It was a cold, bitter Sunday; December in Montreal, wind biting with snap as I wended my way through the city, stopping at Eggspectation for breakfast (oeufs, avec viande - or something, my French is rudimentary), picking up DVDs at HMV, letting the wind whip me as I wandered through the McGill campus, then finally heading to the Musee des Beaux Arts when it opened. Impossible not to think of the Auden poem when I hear that name, I suppose - and something about the diminuition of the extraordinary in that poem - the sense that suffering happens, but life proceeds apace - matched that day's heavy heart.

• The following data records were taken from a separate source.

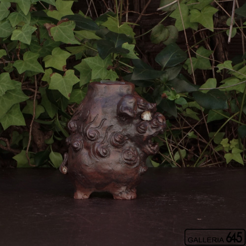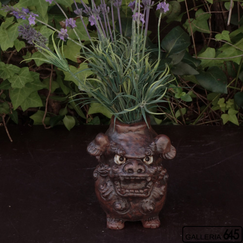 凛々しくめちゃ可愛い焼締シーサーの花入れです。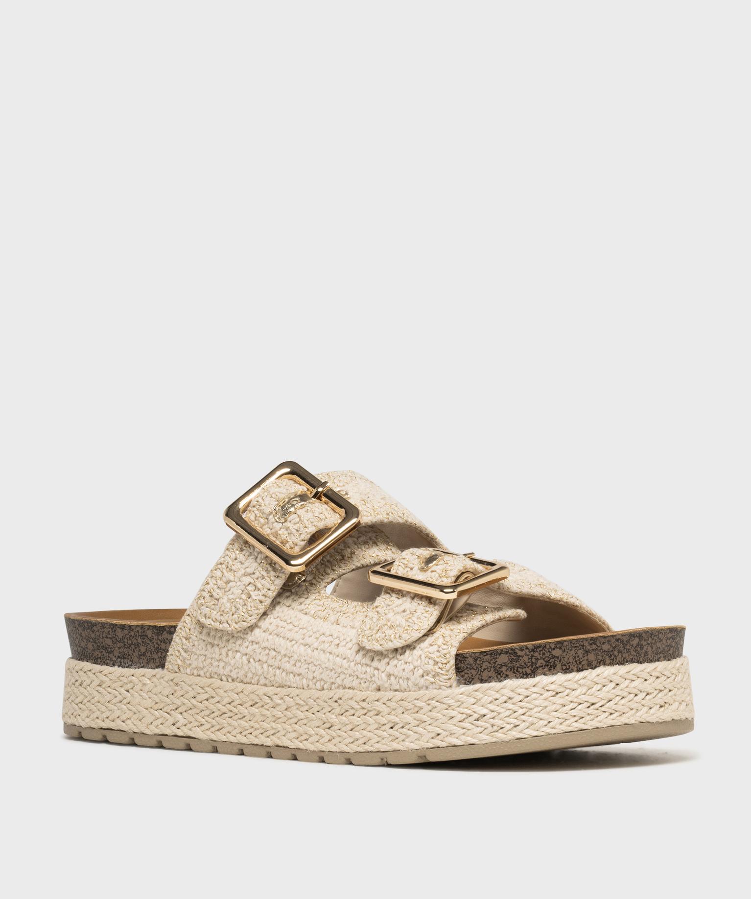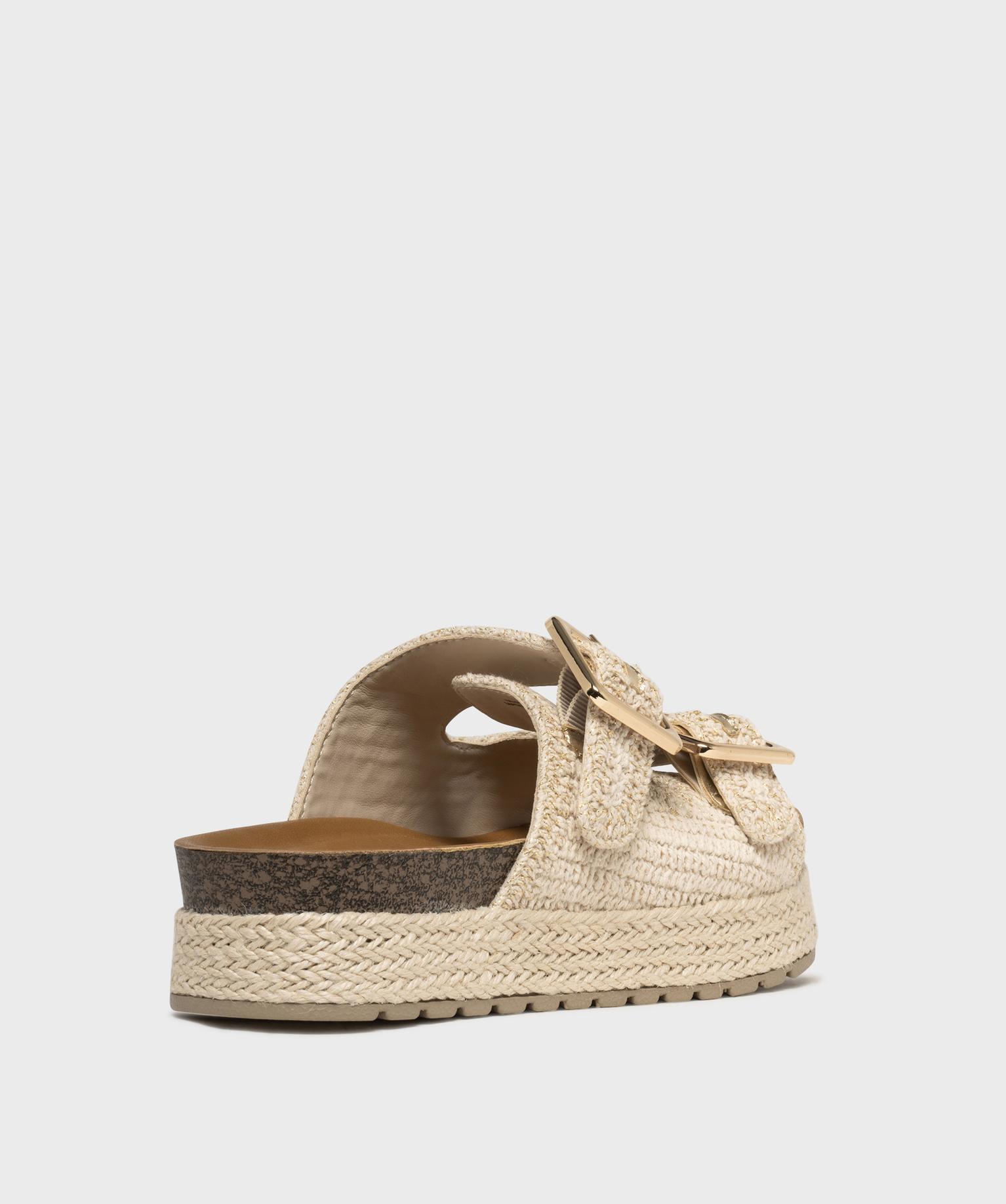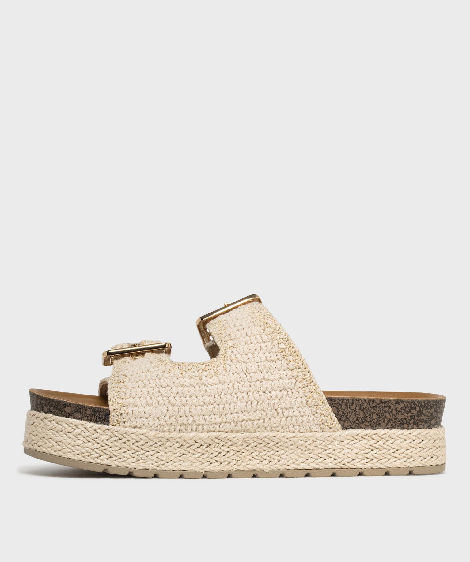 Mules double bride en textile avec semelle plateforme femme - 5 Miles ecru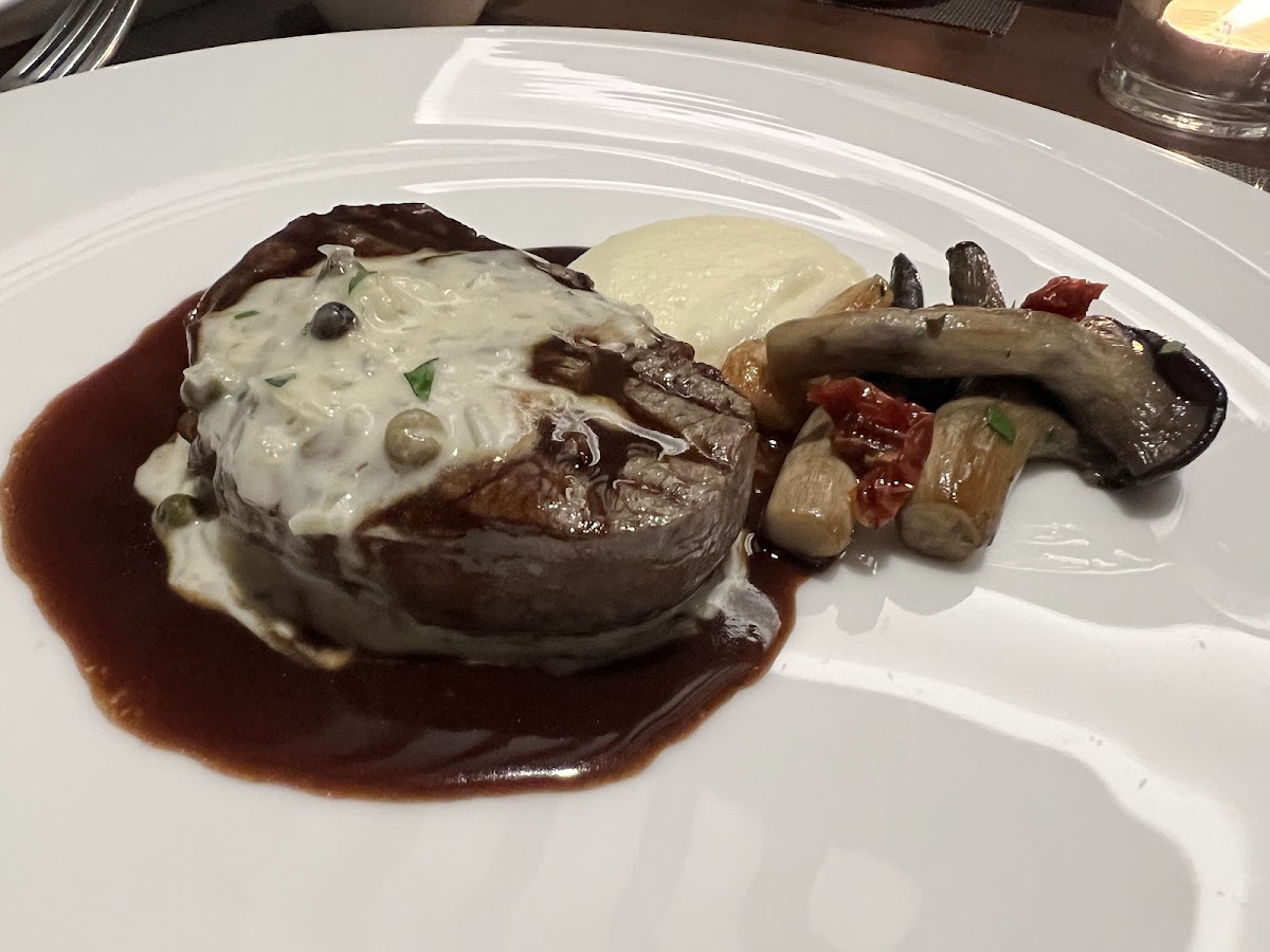 Gorgeous building, delicious food, great service. Set menu with choice of fish or beef for main course.

"About suffering they were never wrong,
The Old Masters; how well, they understood
Its human position" - W.H. Auden, "Musee des Beaux Arts"
The Musee des Beaux Arts is a good museum - spotted some fine works by Rembrandt and Pieter Bruegel the Younger (which, come to think about it, is a fact that ties in nicely with the Auden poem, which is about the elder Brueghel's "Fall of Icarus"). But given my predilection for more contemporary pieces, I was particularly taken by an exhibition of Tracey Moffatt's works, especially her "Scarred for Life" series, a fine portrayal of suburban despair.
Being in a sombre mood, and with Auden on my mind, I walked further on after this, quoting "Funeral Blues" to myself. Something about speaking in verse into the open. Stop all the clocks, cut off the telephone. Prevent the dog from barking with a juicy bone.
For nothing now can come to any good.